§ Excerpted data

====================

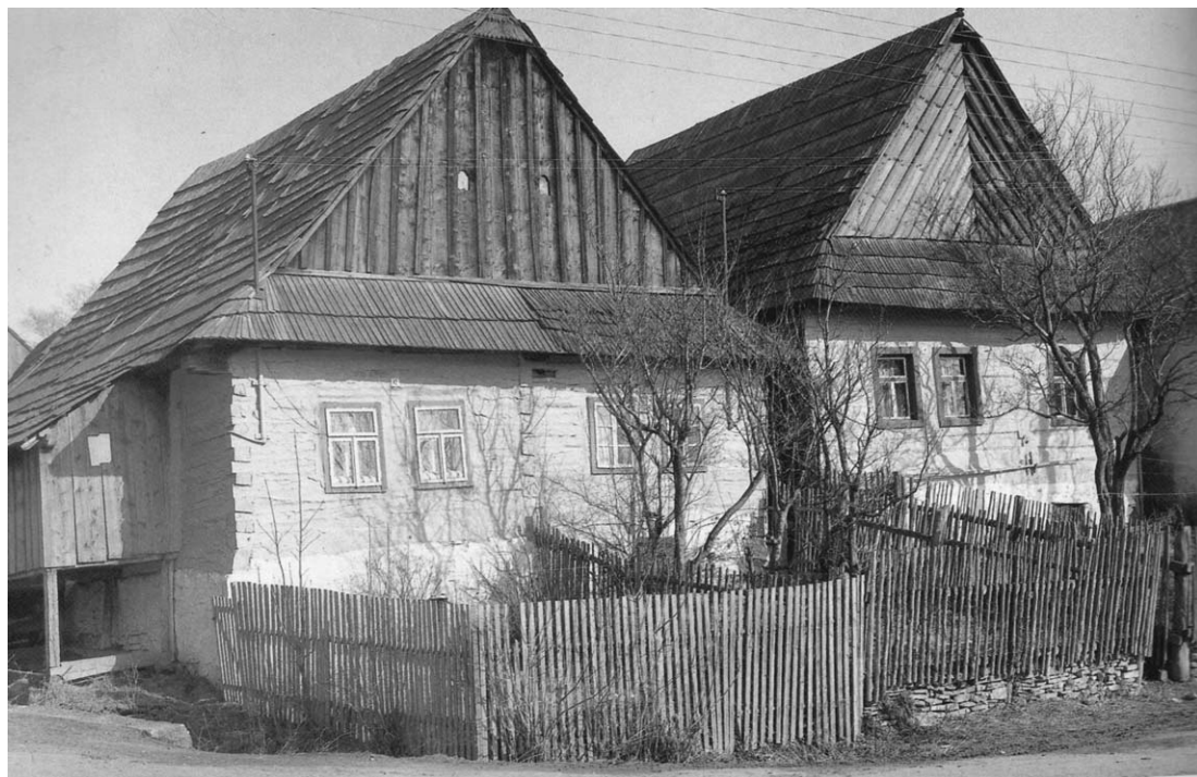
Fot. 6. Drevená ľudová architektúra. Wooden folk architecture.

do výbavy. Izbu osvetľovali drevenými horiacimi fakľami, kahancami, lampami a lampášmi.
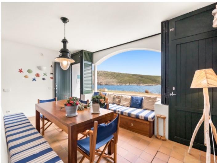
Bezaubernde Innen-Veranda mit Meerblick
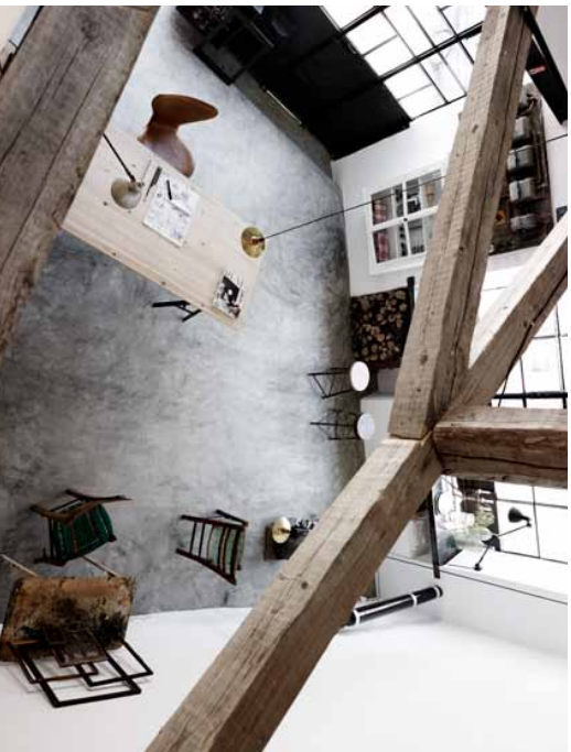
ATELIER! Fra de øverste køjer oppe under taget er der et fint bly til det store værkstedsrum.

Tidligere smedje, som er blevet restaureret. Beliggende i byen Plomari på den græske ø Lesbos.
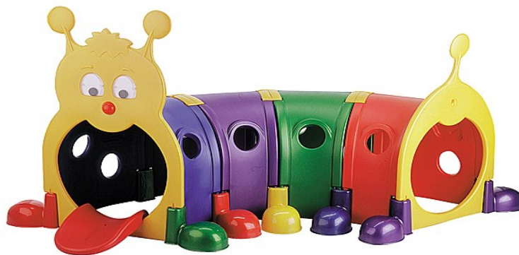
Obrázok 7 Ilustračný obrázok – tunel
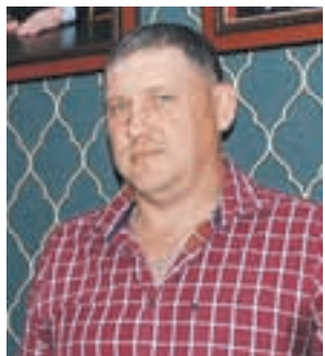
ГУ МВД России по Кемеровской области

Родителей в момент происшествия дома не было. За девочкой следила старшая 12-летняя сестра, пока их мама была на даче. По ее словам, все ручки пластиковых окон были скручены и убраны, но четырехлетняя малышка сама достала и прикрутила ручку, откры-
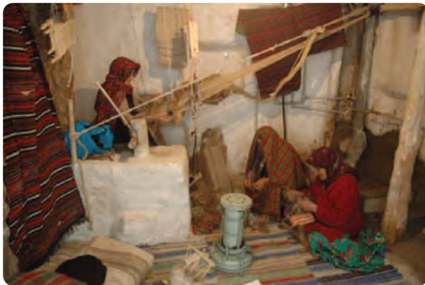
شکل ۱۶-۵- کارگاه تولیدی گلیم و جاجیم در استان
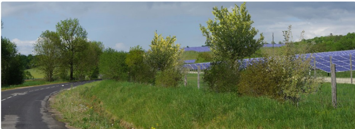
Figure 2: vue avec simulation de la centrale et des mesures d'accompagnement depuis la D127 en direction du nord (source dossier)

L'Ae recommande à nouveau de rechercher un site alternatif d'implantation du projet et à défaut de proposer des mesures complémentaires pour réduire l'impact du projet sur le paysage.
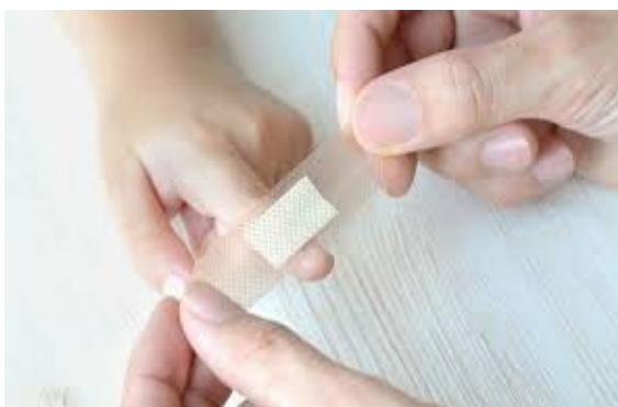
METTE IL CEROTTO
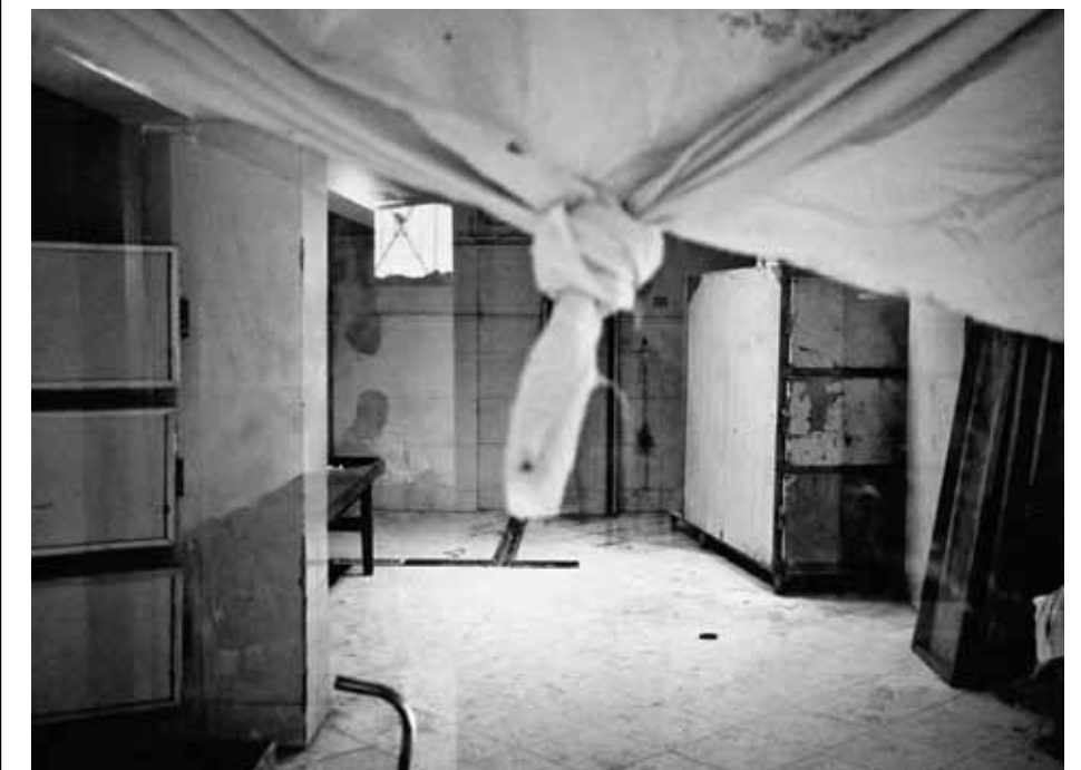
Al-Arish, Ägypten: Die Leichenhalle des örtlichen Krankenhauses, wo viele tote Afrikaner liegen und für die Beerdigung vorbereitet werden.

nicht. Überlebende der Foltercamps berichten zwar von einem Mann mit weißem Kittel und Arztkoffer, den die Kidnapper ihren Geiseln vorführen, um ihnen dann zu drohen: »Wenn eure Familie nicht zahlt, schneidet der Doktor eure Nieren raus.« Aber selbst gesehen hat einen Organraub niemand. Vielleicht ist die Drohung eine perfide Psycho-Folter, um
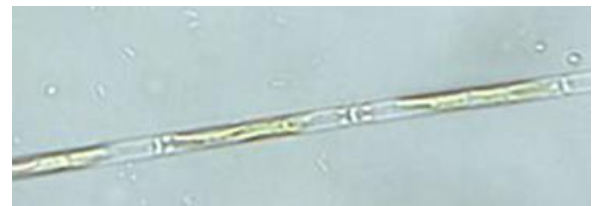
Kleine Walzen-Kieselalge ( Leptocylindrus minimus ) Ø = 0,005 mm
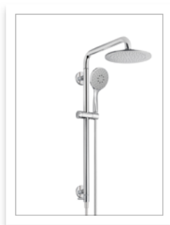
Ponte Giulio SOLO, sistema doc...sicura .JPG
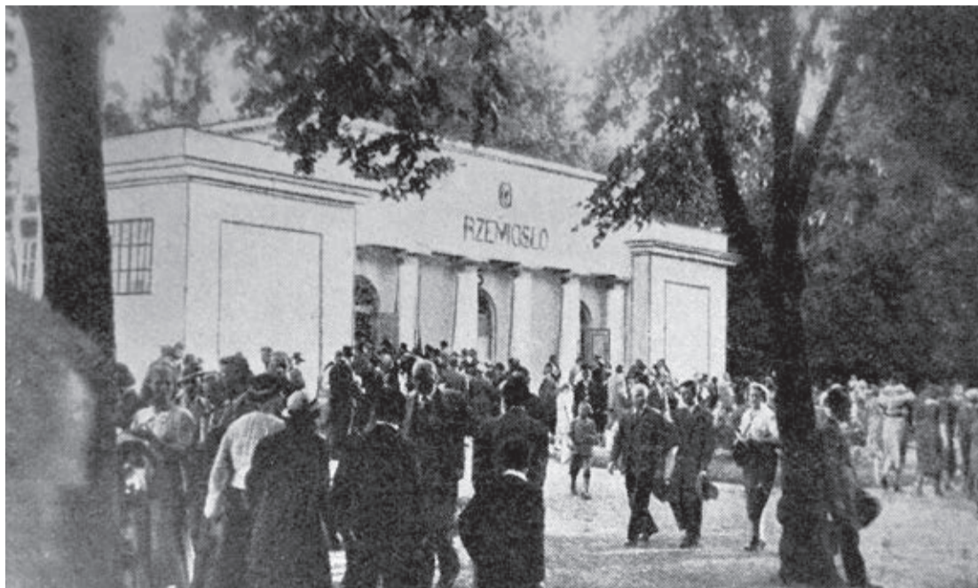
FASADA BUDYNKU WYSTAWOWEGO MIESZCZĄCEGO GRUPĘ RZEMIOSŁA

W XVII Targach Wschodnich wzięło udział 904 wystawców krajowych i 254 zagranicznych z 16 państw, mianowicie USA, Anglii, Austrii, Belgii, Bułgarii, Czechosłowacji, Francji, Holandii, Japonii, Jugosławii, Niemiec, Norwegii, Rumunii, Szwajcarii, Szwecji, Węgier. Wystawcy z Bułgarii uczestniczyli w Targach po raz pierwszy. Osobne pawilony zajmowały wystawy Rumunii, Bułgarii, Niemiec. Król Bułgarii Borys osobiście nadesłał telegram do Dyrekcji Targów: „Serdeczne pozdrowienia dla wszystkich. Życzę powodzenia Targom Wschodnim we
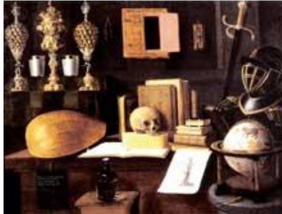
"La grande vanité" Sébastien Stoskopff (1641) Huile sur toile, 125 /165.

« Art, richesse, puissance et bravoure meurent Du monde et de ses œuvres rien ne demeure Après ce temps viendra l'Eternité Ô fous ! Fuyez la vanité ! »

====================

Write out exactly the lines from the one containing "Al-Arish, Ägypten: Die" through the last line of the records above, both ends included, and leave out any pictures.

§ Written response
Al-Arish, Ägypten: Die Leichenhalle des örtlichen Krankenhauses, wo viele tote Afrikaner liegen und für die Beerdigung vorbereitet werden.

nicht. Überlebende der Foltercamps berichten zwar von einem Mann mit weißem Kittel und Arztkoffer, den die Kidnapper ihren Geiseln vorführen, um ihnen dann zu drohen: »Wenn eure Familie nicht zahlt, schneidet der Doktor eure Nieren raus.« Aber selbst gesehen hat einen Organraub niemand. Vielleicht ist die Drohung eine perfide Psycho-Folter, um
Kleine Walzen-Kieselalge ( Leptocylindrus minimus ) Ø = 0,005 mm
Ponte Giulio SOLO, sistema doc...sicura .JPG
FASADA BUDYNKU WYSTAWOWEGO MIESZCZĄCEGO GRUPĘ RZEMIOSŁA

W XVII Targach Wschodnich wzięło udział 904 wystawców krajowych i 254 zagranicznych z 16 państw, mianowicie USA, Anglii, Austrii, Belgii, Bułgarii, Czechosłowacji, Francji, Holandii, Japonii, Jugosławii, Niemiec, Norwegii, Rumunii, Szwajcarii, Szwecji, Węgier. Wystawcy z Bułgarii uczestniczyli w Targach po raz pierwszy. Osobne pawilony zajmowały wystawy Rumunii, Bułgarii, Niemiec. Król Bułgarii Borys osobiście nadesłał telegram do Dyrekcji Targów: „Serdeczne pozdrowienia dla wszystkich. Życzę powodzenia Targom Wschodnim we
"La grande vanité" Sébastien Stoskopff (1641) Huile sur toile, 125 /165.

« Art, richesse, puissance et bravoure meurent Du monde et de ses œuvres rien ne demeure Après ce temps viendra l'Eternité Ô fous ! Fuyez la vanité ! »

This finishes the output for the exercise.